→ **Dataset entries**
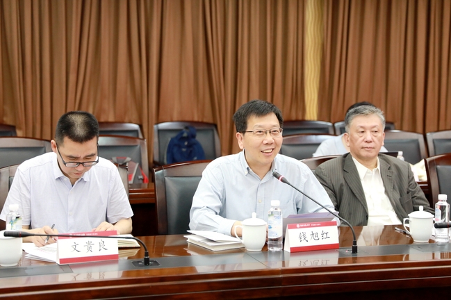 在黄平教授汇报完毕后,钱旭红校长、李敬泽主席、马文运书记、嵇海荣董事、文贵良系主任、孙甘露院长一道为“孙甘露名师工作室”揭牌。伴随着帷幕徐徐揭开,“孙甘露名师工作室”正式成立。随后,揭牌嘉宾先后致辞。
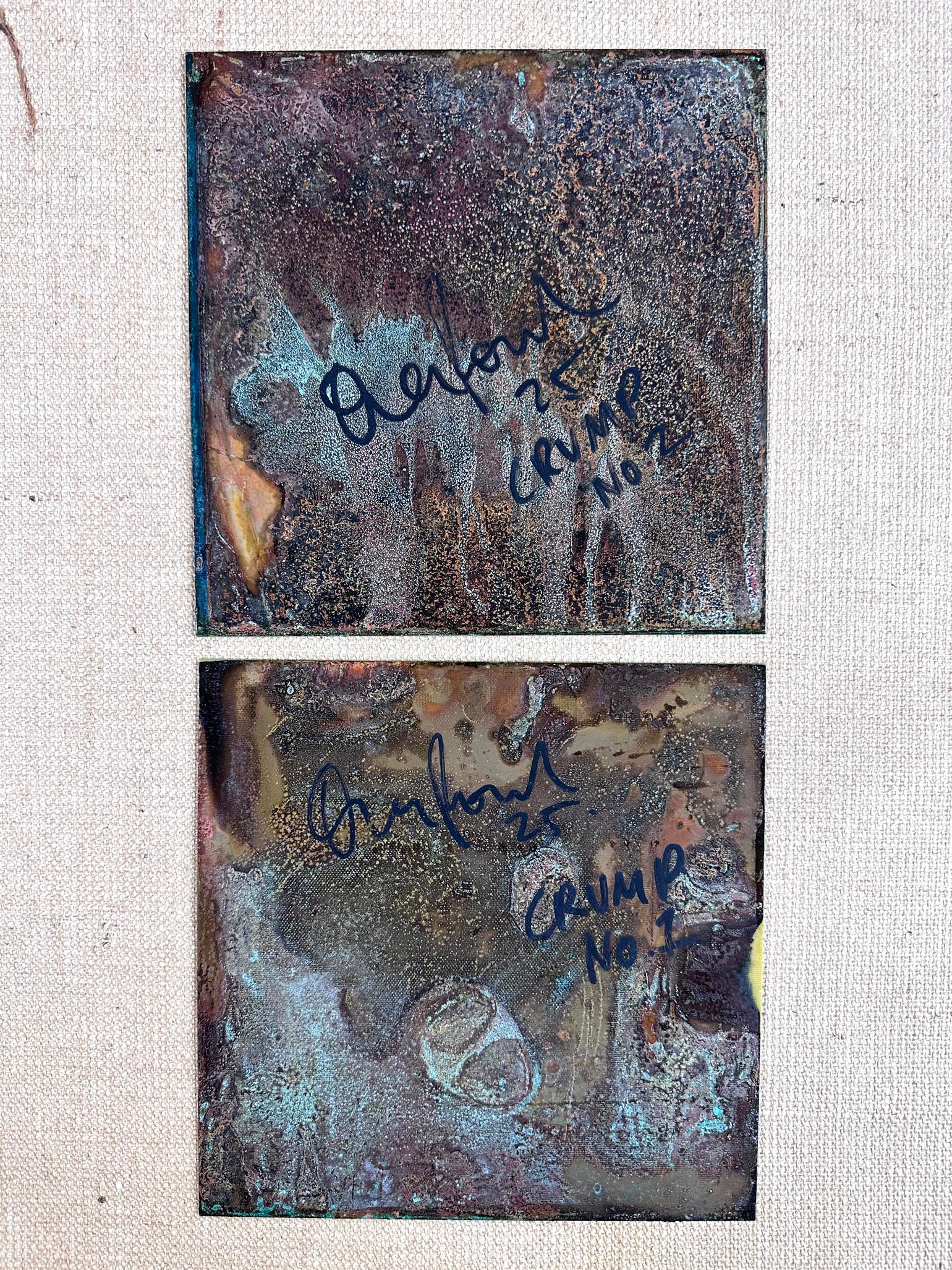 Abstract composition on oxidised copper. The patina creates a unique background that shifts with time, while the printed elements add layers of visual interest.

* * *

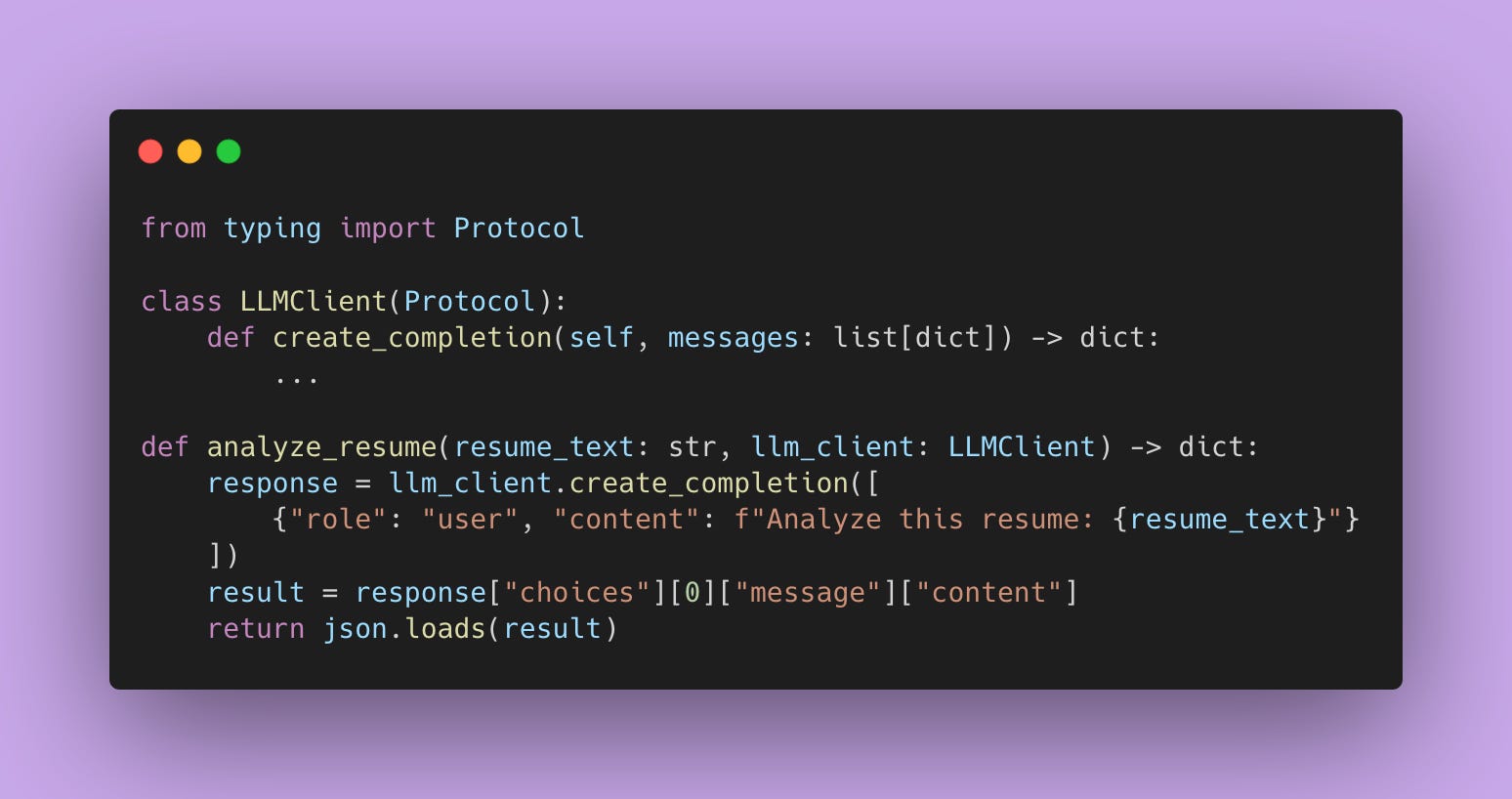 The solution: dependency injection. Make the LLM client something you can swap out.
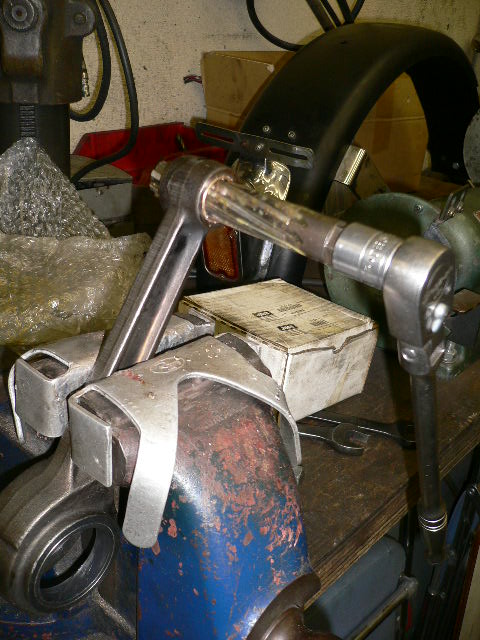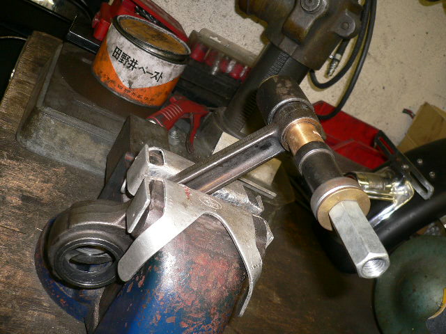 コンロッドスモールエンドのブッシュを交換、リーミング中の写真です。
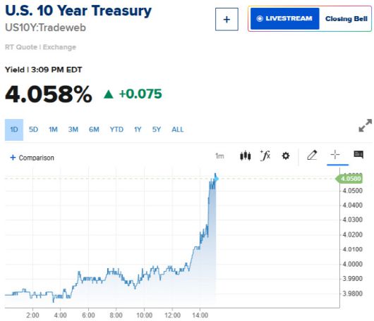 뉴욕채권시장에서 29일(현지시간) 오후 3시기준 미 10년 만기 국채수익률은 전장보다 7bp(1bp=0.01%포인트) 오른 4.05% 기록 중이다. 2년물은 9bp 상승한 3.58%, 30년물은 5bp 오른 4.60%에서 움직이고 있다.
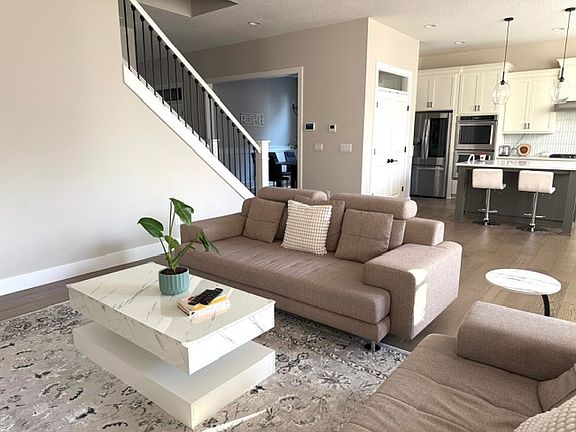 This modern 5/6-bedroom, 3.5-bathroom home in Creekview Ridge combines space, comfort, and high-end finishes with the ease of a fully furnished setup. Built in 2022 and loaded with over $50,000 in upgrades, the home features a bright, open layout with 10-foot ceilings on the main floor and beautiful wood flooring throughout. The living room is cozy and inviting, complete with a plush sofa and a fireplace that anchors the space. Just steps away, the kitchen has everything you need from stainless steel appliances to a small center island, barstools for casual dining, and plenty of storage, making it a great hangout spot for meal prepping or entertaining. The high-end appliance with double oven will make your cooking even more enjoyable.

→ **What the task requires**
Starting at the line with "在黄平教授汇报完毕后,钱旭红" in the entries above, write out every line exactly until the line with "Abstract composition on" has been written. Include no pictures and nothing more.

→ **Exercise answer**
 在黄平教授汇报完毕后,钱旭红校长、李敬泽主席、马文运书记、嵇海荣董事、文贵良系主任、孙甘露院长一道为“孙甘露名师工作室”揭牌。伴随着帷幕徐徐揭开,“孙甘露名师工作室”正式成立。随后,揭牌嘉宾先后致辞。
 Abstract composition on oxidised copper. The patina creates a unique background that shifts with time, while the printed elements add layers of visual interest.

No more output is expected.